* _Provided records_:
***

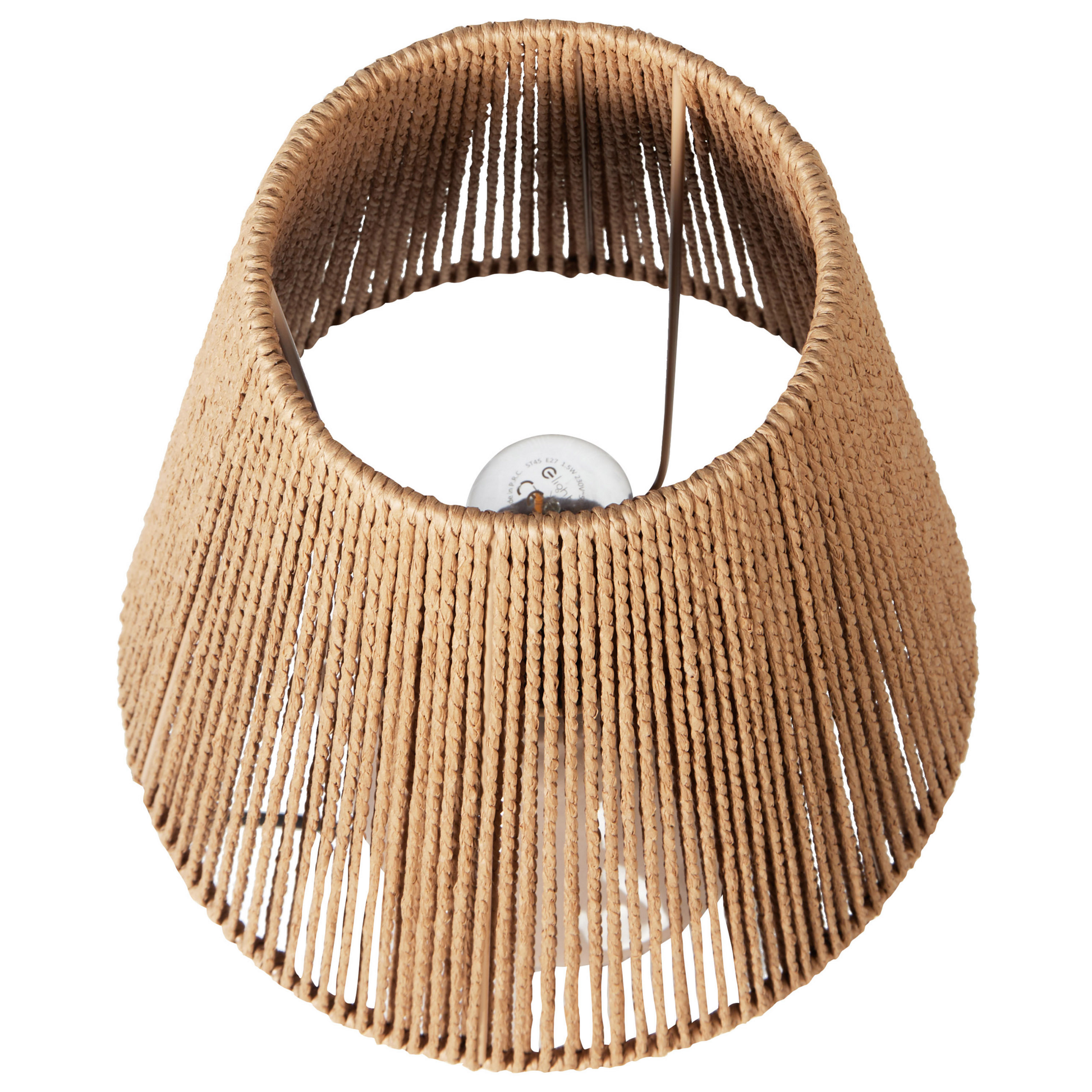 Diese formschöne Nachttischlampe dient zu jeder Stunde als echter Boho-Hingucker und das auch in jeder Wohnfläche. Dank langem, schwarzem Kabel mit Schalter lässt sich die Leuchte fast auf jeder Tischfläche platzieren und anschliessen. Der Lampenschirm bezaubert mit seiner stilvollen Empire-Form und besteht aus einem langlebigen Papierschnur-Geflecht. Der taupefarbene Keramik-Standfuss schafft ein harmonisches Design und besticht sowohl mit seiner einzigartigen Oberfläche als auch mit seiner ansprechenden Vasenform. Material: Keramik. Zusätzliches Material: Papierschnur. Gewicht: 2 Montage: Benötigt keine Montage Das Angebot beinhaltet: 1 x Tischleuchte, Nicht im Lieferumfang enthalten: Leuchtmittel Höhe: 51 zusätzliche Information: Diese Leuchte ist geeignet für Leuchtmittel der Energieklassen A bis G auf einer Skala von A (sehr effizient) bis G (weniger effizient). Geeignet für: LED Leuchtmittel, Eco-Halogen Leuchtmittel, Energiesparleuchtmittel., Hinweis! Beschädigungsgefahr! Bitte verwenden Sie keine Messer oder andere spitze oder scharfe Gegenstände, um die Verpackung zu öffnen, da das Produkt sonst beschädigt werden könnte. Breite: 24 Tiefe: 24 Art: Tischleuchte Stil: Boho Allgemeine Farbe: Beige Schatten: Taupe Hauptmaterial: Keramik Fassung: 40 W
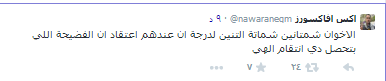 وأضافت "نوارة" في تغريدة لها عبر موقع "تويتر"، اليوم الأربعاء: "الإخوان شمتانين شماتة التنين لدرجة إن عندهم اعتقاد إن الفضيحة اللي بتحصل دي انتقام إلهي".
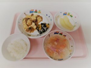 *ごはん *マーボー豆腐 *中華スープ *酢の物 *りんご
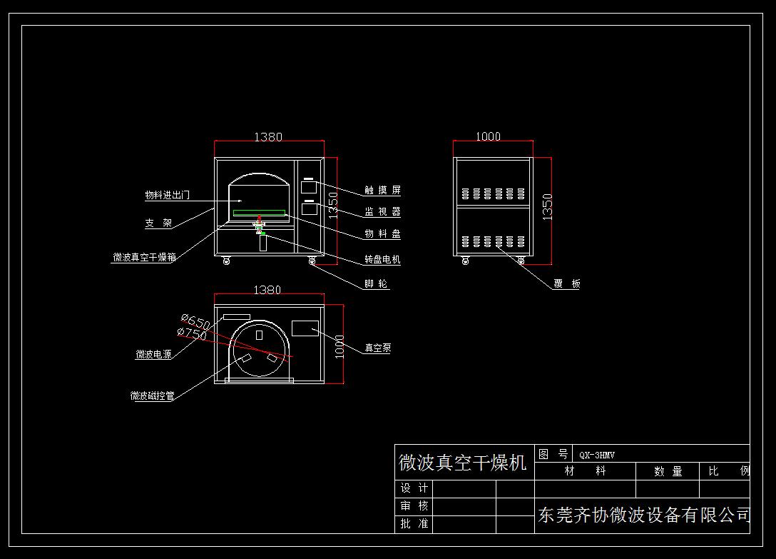 ●設(shè)備外框支架、真空泵機(jī)組、微波電源、微波磁控管、轉(zhuǎn)盤電機(jī)、物料盤、微波真空干燥箱、物料進(jìn)出門、監(jiān)視器、觸摸屏控制系統(tǒng)、排熱系統(tǒng)等。
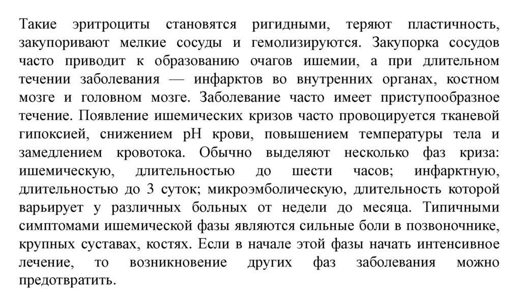Такие эритроциты становятся ригидными, теряют пластичность,закупоривают мелкие сосуды и гемолизируются. Закупорка сосудов
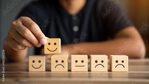 “Hand Placing Happy Face Block Among Emotional Expressions – Feedback, Mood Selection, and UX Psychology Concept”
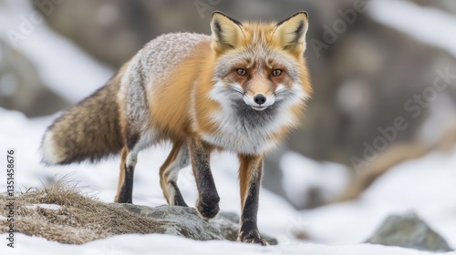 © Zyra, Obraz premium Curious Red Fox Walking Through Snowy Landscape in Forest During Winter Season
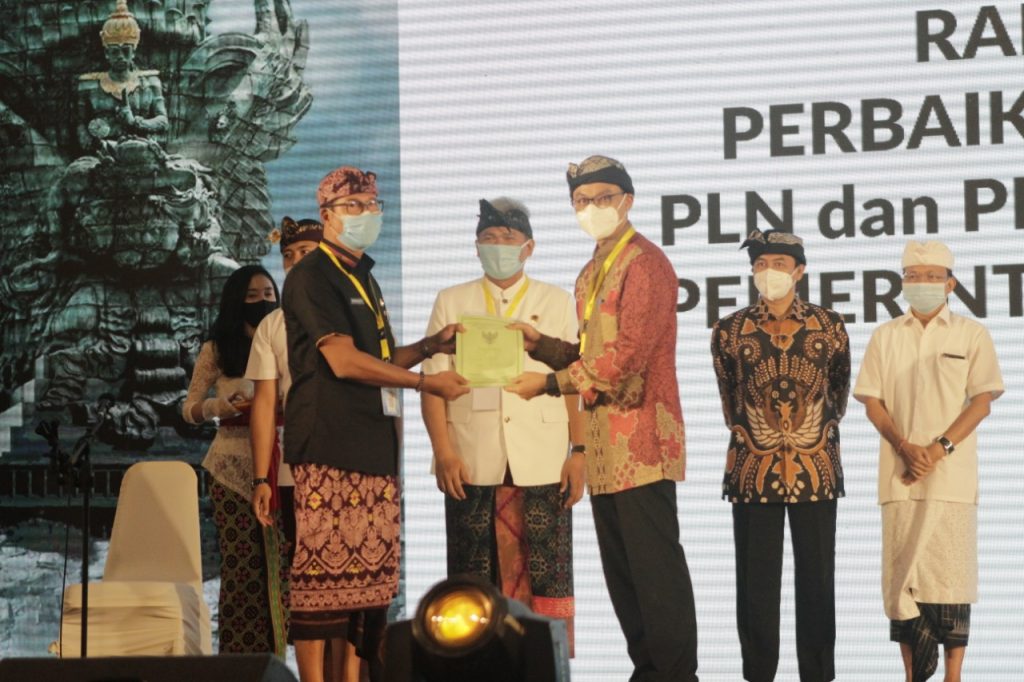 Sertifikat diserahkan secara simbolis oleh Inspektur Jenderal Kementerian ATR/BPN, Sunraizal, kepada Direktur Bisnis Regional Jawa Madura Bali, Haryanto W. S, serta disaksikan langsung oleh Wakil Ketua KPK, Lili Pintauli Siregar, Wakil Direktur Utama PLN Darmawan Prasodjo, Gubernur Bali, I Wayan Koster, Direktur Jenderal Bina Keuangan Daerah Kementerian Dalam Negeri, Mochamad Ardian Noervianto, dan Deputi Bidang Hukum dan Perundang-Undangan Kementerian BUMN, Carlo Brix Tewu.
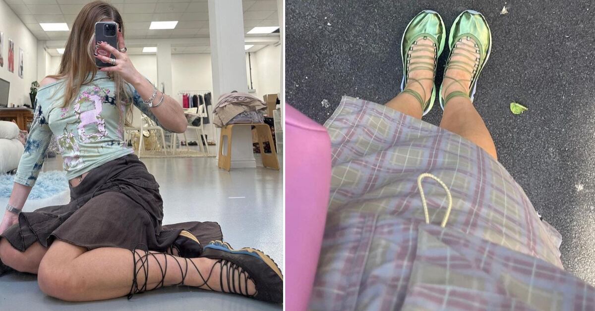 Mas longe da delicadeza do Adidas Samba, que também emula o luxo silencioso ou a rebeldia de um par de Converse, essas misturas de mundos, pois são compostas por solas grossas, shapes estilo Mary Jane e laços, sim, muitos laços que podem variar de laços a decotes que descem por parte das pernas, tornando-as uma proposta bem feminina se você for uma romântica incurável.
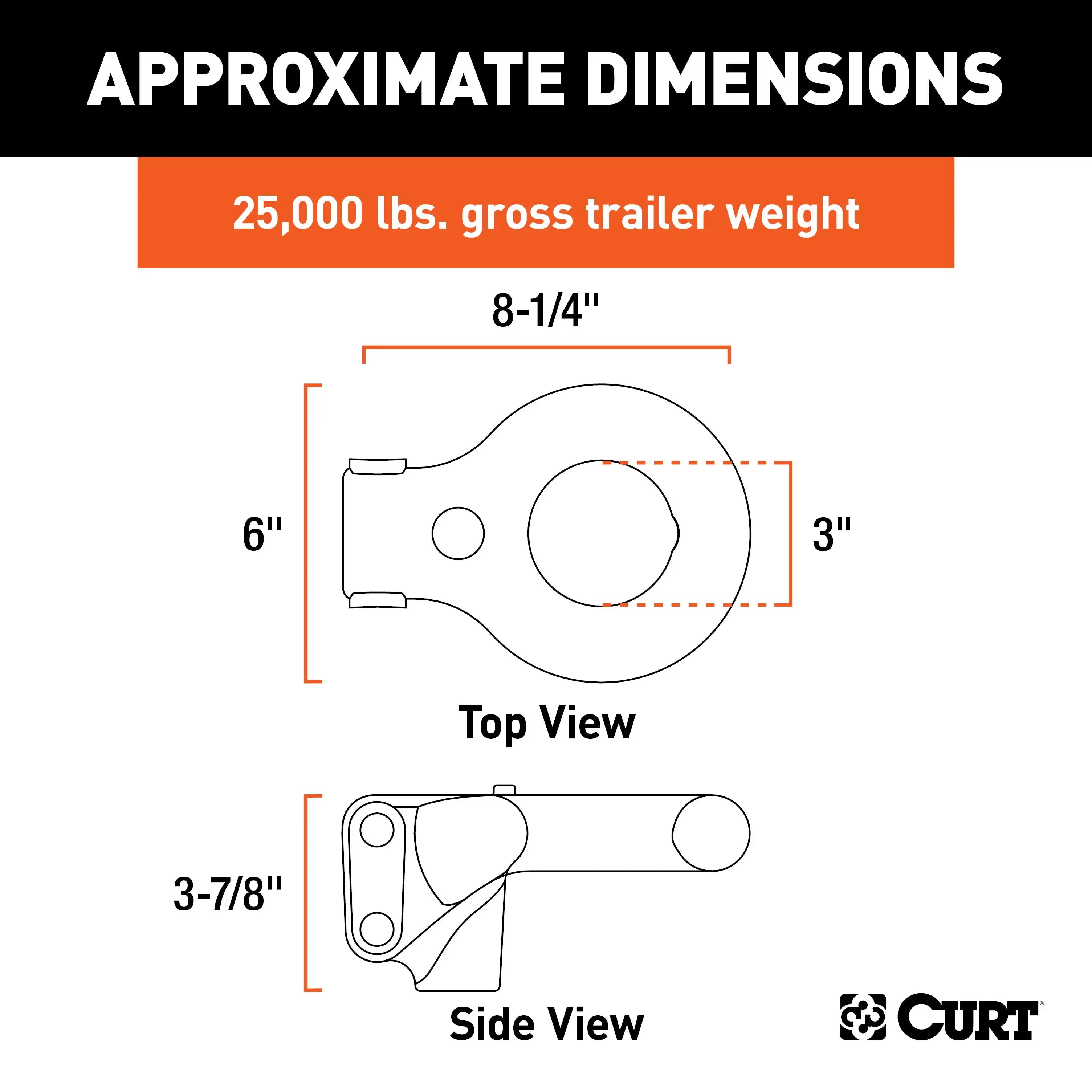 CURT 48625 SecureLatch Channel-Style Lunette Ring, 25,000 Pounds, 3-Inch ID
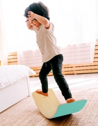 Balanční deska LULILO AJLO je všestranná pomůcka pro aktivní hru i domácí cvičení. Díky zakřivenému tvaru přirozeně trénuje stabilitu těla, posiluje střed (core) a zlepšuje držení. Tyrkysová plst na spodní straně dodává styl a zároveň tlumí hluk a zajišťuje přilnavost.
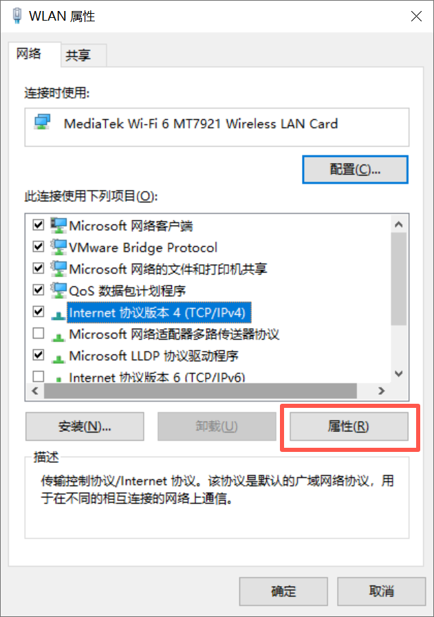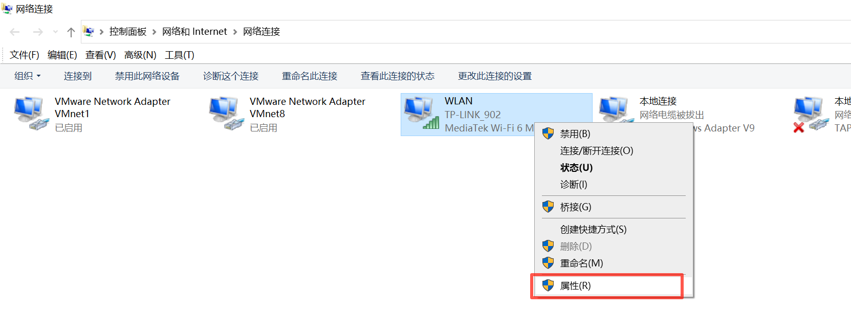 VMware 开头的是虚拟机的网卡,这里找到我们自己实际使用的网络然后鼠标右键属性:
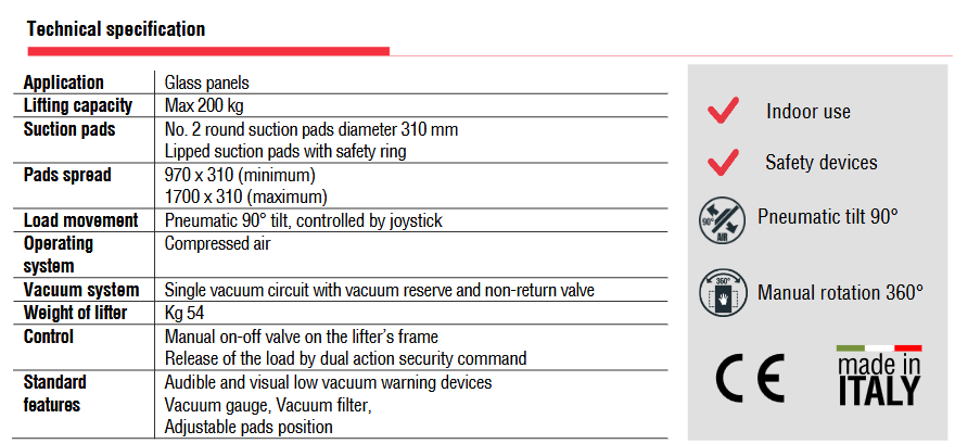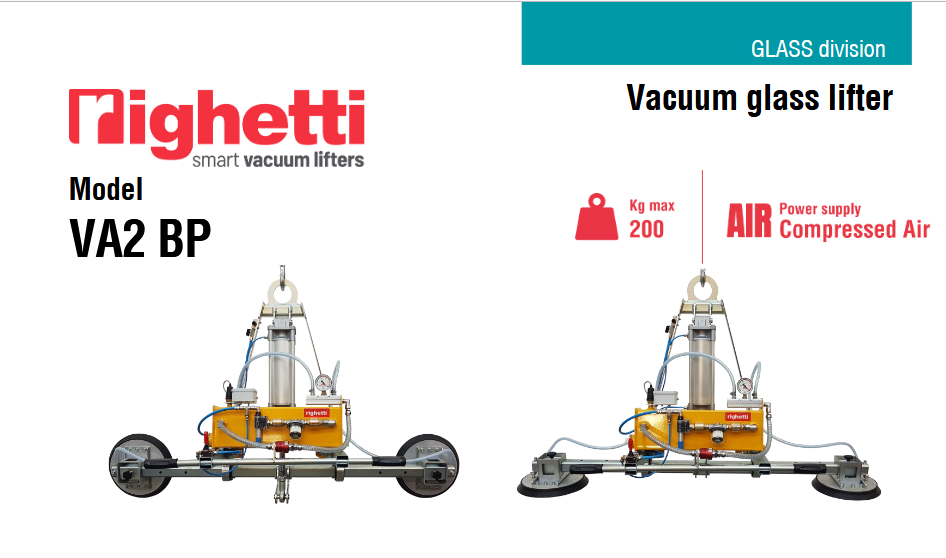 Το μοντέλο VA2 BP είναι ένα γυάλινο ανυψωτικό κενού ειδικά για εσωτερική χρήση, με δύο επιθέματα αναρρόφησης d. 310 mm, με πεπιεσμένο αέρα και ανυψωτική ικανότητα έως 200 kg.
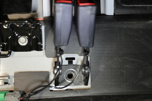 - 중앙 안전벨트 버클용 전기 커넥터(2개)를 분리합니다.
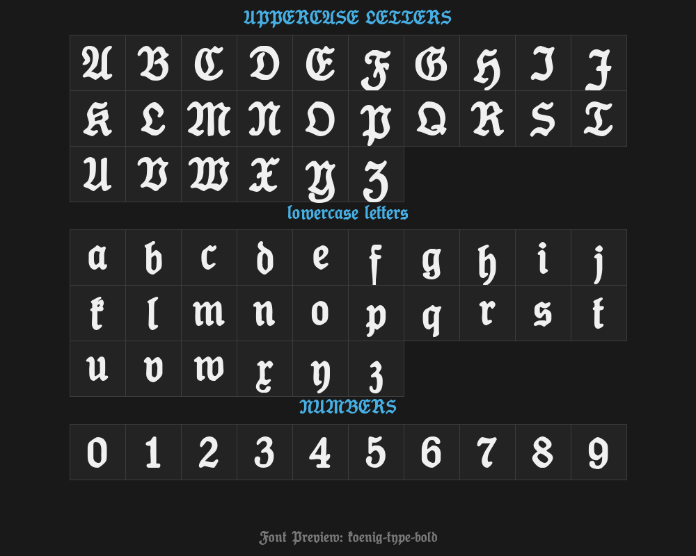 | Copyright | Copyright (c) Typographer Mediengestaltung, 2002. All rights reserved. Koenig-Type Jugendstilfraktur geschaffen von Heinz Koenig, 1907-1910. Digitalisiert durch Dieter Steffmann, Kreuztal. |
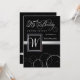 Formal yet contemporary 25th Birthday celebration invitations -- Black with silver script and monogram. Customize the name, date, and details for this special and honoured occasion. © Teri Francis. Matching postage and thank you cards available.
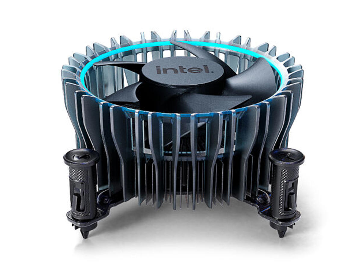 Intel Laminar RM1. Type: Luftkøler, Omdrejningshastighed (min.): 600 rpm, Omdrejningshastighed (maks.): 3150 rpm. Spænding: 10.8 - 13.2 V. Bredde: 100 mm, Dybde: 100 mm, Højde: 47 mm. Produktfarve: Sort, Blå

***

* _What to work on_: Once more, please print the whole listing exactly, omitting each image.

* _Answer to this exercise_:
 Diese formschöne Nachttischlampe dient zu jeder Stunde als echter Boho-Hingucker und das auch in jeder Wohnfläche. Dank langem, schwarzem Kabel mit Schalter lässt sich die Leuchte fast auf jeder Tischfläche platzieren und anschliessen. Der Lampenschirm bezaubert mit seiner stilvollen Empire-Form und besteht aus einem langlebigen Papierschnur-Geflecht. Der taupefarbene Keramik-Standfuss schafft ein harmonisches Design und besticht sowohl mit seiner einzigartigen Oberfläche als auch mit seiner ansprechenden Vasenform. Material: Keramik. Zusätzliches Material: Papierschnur. Gewicht: 2 Montage: Benötigt keine Montage Das Angebot beinhaltet: 1 x Tischleuchte, Nicht im Lieferumfang enthalten: Leuchtmittel Höhe: 51 zusätzliche Information: Diese Leuchte ist geeignet für Leuchtmittel der Energieklassen A bis G auf einer Skala von A (sehr effizient) bis G (weniger effizient). Geeignet für: LED Leuchtmittel, Eco-Halogen Leuchtmittel, Energiesparleuchtmittel., Hinweis! Beschädigungsgefahr! Bitte verwenden Sie keine Messer oder andere spitze oder scharfe Gegenstände, um die Verpackung zu öffnen, da das Produkt sonst beschädigt werden könnte. Breite: 24 Tiefe: 24 Art: Tischleuchte Stil: Boho Allgemeine Farbe: Beige Schatten: Taupe Hauptmaterial: Keramik Fassung: 40 W
 وأضافت "نوارة" في تغريدة لها عبر موقع "تويتر"، اليوم الأربعاء: "الإخوان شمتانين شماتة التنين لدرجة إن عندهم اعتقاد إن الفضيحة اللي بتحصل دي انتقام إلهي".
 *ごはん *マーボー豆腐 *中華スープ *酢の物 *りんご
 ●設(shè)備外框支架、真空泵機(jī)組、微波電源、微波磁控管、轉(zhuǎn)盤電機(jī)、物料盤、微波真空干燥箱、物料進(jìn)出門、監(jiān)視器、觸摸屏控制系統(tǒng)、排熱系統(tǒng)等。
Такие эритроциты становятся ригидными, теряют пластичность,закупоривают мелкие сосуды и гемолизируются. Закупорка сосудов
 “Hand Placing Happy Face Block Among Emotional Expressions – Feedback, Mood Selection, and UX Psychology Concept”
 © Zyra, Obraz premium Curious Red Fox Walking Through Snowy Landscape in Forest During Winter Season
 Sertifikat diserahkan secara simbolis oleh Inspektur Jenderal Kementerian ATR/BPN, Sunraizal, kepada Direktur Bisnis Regional Jawa Madura Bali, Haryanto W. S, serta disaksikan langsung oleh Wakil Ketua KPK, Lili Pintauli Siregar, Wakil Direktur Utama PLN Darmawan Prasodjo, Gubernur Bali, I Wayan Koster, Direktur Jenderal Bina Keuangan Daerah Kementerian Dalam Negeri, Mochamad Ardian Noervianto, dan Deputi Bidang Hukum dan Perundang-Undangan Kementerian BUMN, Carlo Brix Tewu.
 Mas longe da delicadeza do Adidas Samba, que também emula o luxo silencioso ou a rebeldia de um par de Converse, essas misturas de mundos, pois são compostas por solas grossas, shapes estilo Mary Jane e laços, sim, muitos laços que podem variar de laços a decotes que descem por parte das pernas, tornando-as uma proposta bem feminina se você for uma romântica incurável.
 CURT 48625 SecureLatch Channel-Style Lunette Ring, 25,000 Pounds, 3-Inch ID
 Balanční deska LULILO AJLO je všestranná pomůcka pro aktivní hru i domácí cvičení. Díky zakřivenému tvaru přirozeně trénuje stabilitu těla, posiluje střed (core) a zlepšuje držení. Tyrkysová plst na spodní straně dodává styl a zároveň tlumí hluk a zajišťuje přilnavost.
 VMware 开头的是虚拟机的网卡,这里找到我们自己实际使用的网络然后鼠标右键属性:
 Το μοντέλο VA2 BP είναι ένα γυάλινο ανυψωτικό κενού ειδικά για εσωτερική χρήση, με δύο επιθέματα αναρρόφησης d. 310 mm, με πεπιεσμένο αέρα και ανυψωτική ικανότητα έως 200 kg.
 - 중앙 안전벨트 버클용 전기 커넥터(2개)를 분리합니다.
 | Copyright | Copyright (c) Typographer Mediengestaltung, 2002. All rights reserved. Koenig-Type Jugendstilfraktur geschaffen von Heinz Koenig, 1907-1910. Digitalisiert durch Dieter Steffmann, Kreuztal. |
 Formal yet contemporary 25th Birthday celebration invitations -- Black with silver script and monogram. Customize the name, date, and details for this special and honoured occasion. © Teri Francis. Matching postage and thank you cards available.
 Intel Laminar RM1. Type: Luftkøler, Omdrejningshastighed (min.): 600 rpm, Omdrejningshastighed (maks.): 3150 rpm. Spænding: 10.8 - 13.2 V. Bredde: 100 mm, Dybde: 100 mm, Højde: 47 mm. Produktfarve: Sort, Blå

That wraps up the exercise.